Asıl kriz bu!
.
Devamlı olarak Türkiye ile ABD arasındaki krizin nedenleri aranıyor, maddeler sıralanıyor. Oysa…
Ortadoğu’da sadece iki değil, birçok ülkenin içinde olduğu bir kriz yaşanıyor ve bunun bir tek nedeni var; güvensizlik!
Herkes kendi çıkarına göre adımlar atıyor, kendi çıkarına göre her gün yön değiştirebiliyor ve her yalan da söyleniyor.
ABD ise Ortadoğu için yıllar öncesinden planladığı politikayı aslında hiç değiştirmiyor ama ülkeleri “Adil ve dürüst bir dünya lideri ülke” havasında o plana göre oynatıyor.
Kilis’e roketler…
Dün AKP Genel Başkan Yardımcısı Mahir Ünal’ın “Suriye’nin Afrin kentinden Türkiye’ye 720 roket atıldı” açıklamasından söz etmiştim.
Biz bu (çoğu Hatay ve Kilis’e) roketli PKK saldırılarının hepsini duymuyoruz ama Perşembe günü Kilis’e yapılan saldırılar duyulmayacak gibi değildi.

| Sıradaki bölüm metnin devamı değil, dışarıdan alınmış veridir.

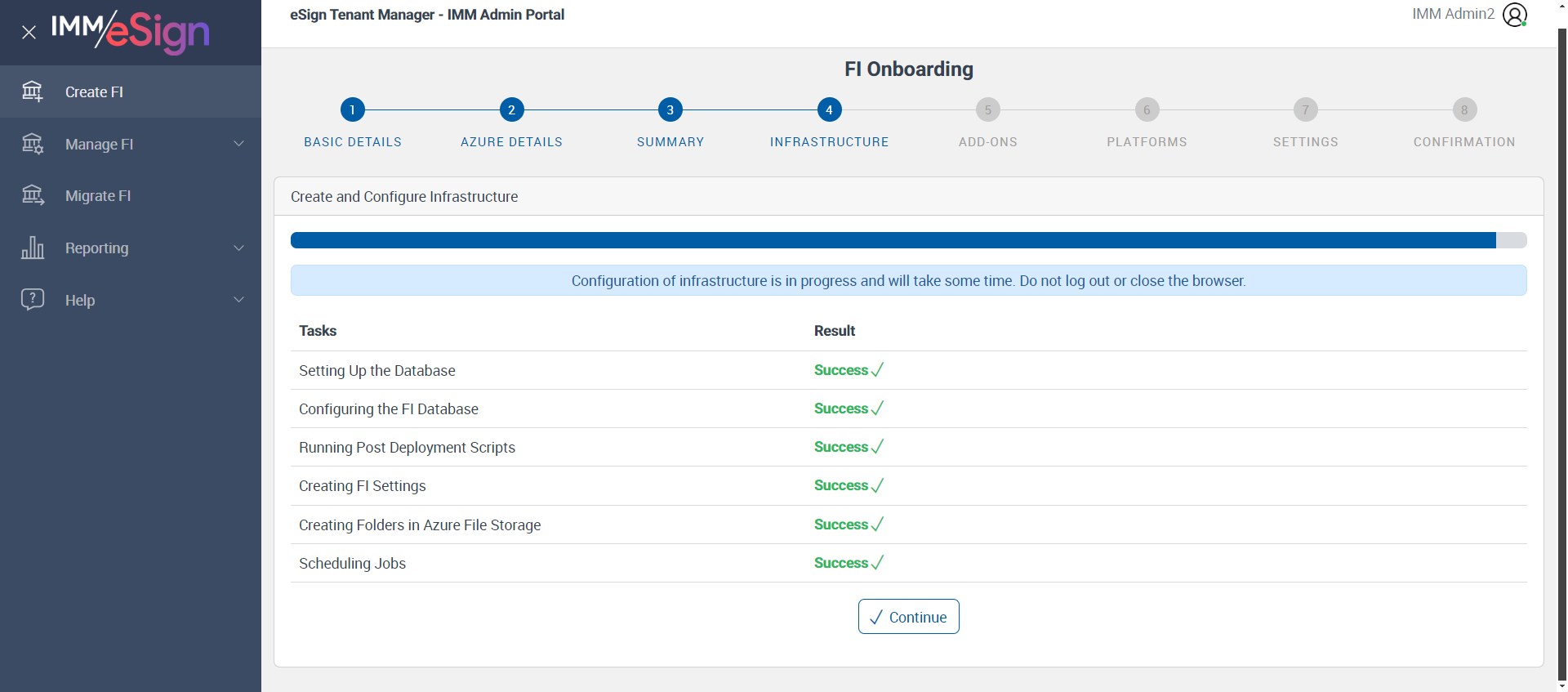 Successfully Configured 'Creating FI Settings'
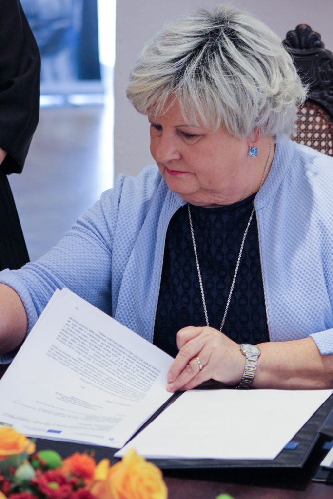 Podžupanja MOV Darinka Mravljak in ministrica za kulturo dr. Asta Vrečko sta včeraj podpisali pogodbo o sofinanciranju projekta Ureditev rondele na Velenjskem gradu.

PKK’nın attığı 2 roketin biri tarihi Çalık Camisi’ne, diğeri 100 m. Uzaklıktaki bir eve isabet etti, camide 2’si ağır 8 kişi yaralandı, evde 5 kişi dumandan boğulma tehlikesi geçirerek hastaneye kaldırıldı. Yaralı 2 vatandaşımız hayatını kaybetti.
Birkaç gün önce Hatay’ın Reyhanlı ilçesine bir günde 11 roket atılmış, 1 kişi ölmüş, 47 kişi yaralanmıştı. Aynı gün Kilis’e atılan roketlerde şans eseri hayatını kaybeden olmadı.
ABD ve diğer ülkeler aynı lafları tekrarlayarak sınırımızın ötesinde kendi oyunlarını oynarken biz ağır bir fatura ödüyoruz. Hem askerlerimizden şehit veriyoruz, hem de Afrin’den atılan terörist roketleriyle vatandaşlarımız yaralanıyor, hayatını kaybediyor.
SDG-PKK yalanları
Birçok siyaset bilimcinin, terör uzmanının da vurguladığı gibi Türkiye “sınırında PKK koridoru oluşturulmasına müdahalede geç kaldı”.
Buna rağmen, eğer ABD ve Rusya “Türkiye’ye karşı tutumlarında” samimi olsalardı Türkiye yine de Suriye’ye girmek zorunda kalmazdı, ne Fırat Kalkanı olurdu, ne de Zeytin Dalı operasyonu.
Bakalım şimdi; ABD Dışişleri Sözcüsü Heather Nauert’in Perşembe günkü açıklaması:
“Biz Afrin’de yokuz. SDG ile çalışıyoruz… Türkiye’nin PKK konusundaki meşru kaygılarını anlıyoruz ve bunu saygıyla karşılıyoruz. Türkleri diğer gruplarla değil, DEAŞ’la savaşmaya odaklanmaya teşvik ediyoruz. Türkiye gözünü DEAŞ’tan ayırdı, PKK’nın peşine düştü”.
Hem PKK ile ilgili kaygılarımızı anlıyor ve saygı duyuyor, hem de PKK ile değil DEAŞ’la savaşmamızı istiyor (ki Afrin’de DEAŞ da PKK ile birlikte TSK’nın karşısında).
SDG ile çalışıyor ama SDG de zaten PKK, aynı örgüt… “Diğer gruplar” dediği de PKK…
ABD, Türkiye’ye “siviller ölmesin, dikkat edin” diye uyarı yapıyor ama “müttefikim” dediği terör örgütü Afrin’de sivilleri canlı kalkan yaparken susuyor.
Hele Savunma Bakanlığı sözcüleri “Afrindeki ‘gruplara’ silah vermediklerini, Fırat’ın Kuzeydoğu’sundaki PYD-PKK’ya verdikleri silahları da takip ettiklerini” söylemiş ki 5000 TIR silahı nasıl takip ettiklerini merak ediyor insan.
ABD’ye öneri; kısa bir süre için DEAŞ’ı bırakıp PKK’nın Hatay ve Kilis’te, Afrin’de “sivillere” verdikleri zarara yoğunlaşsınlar.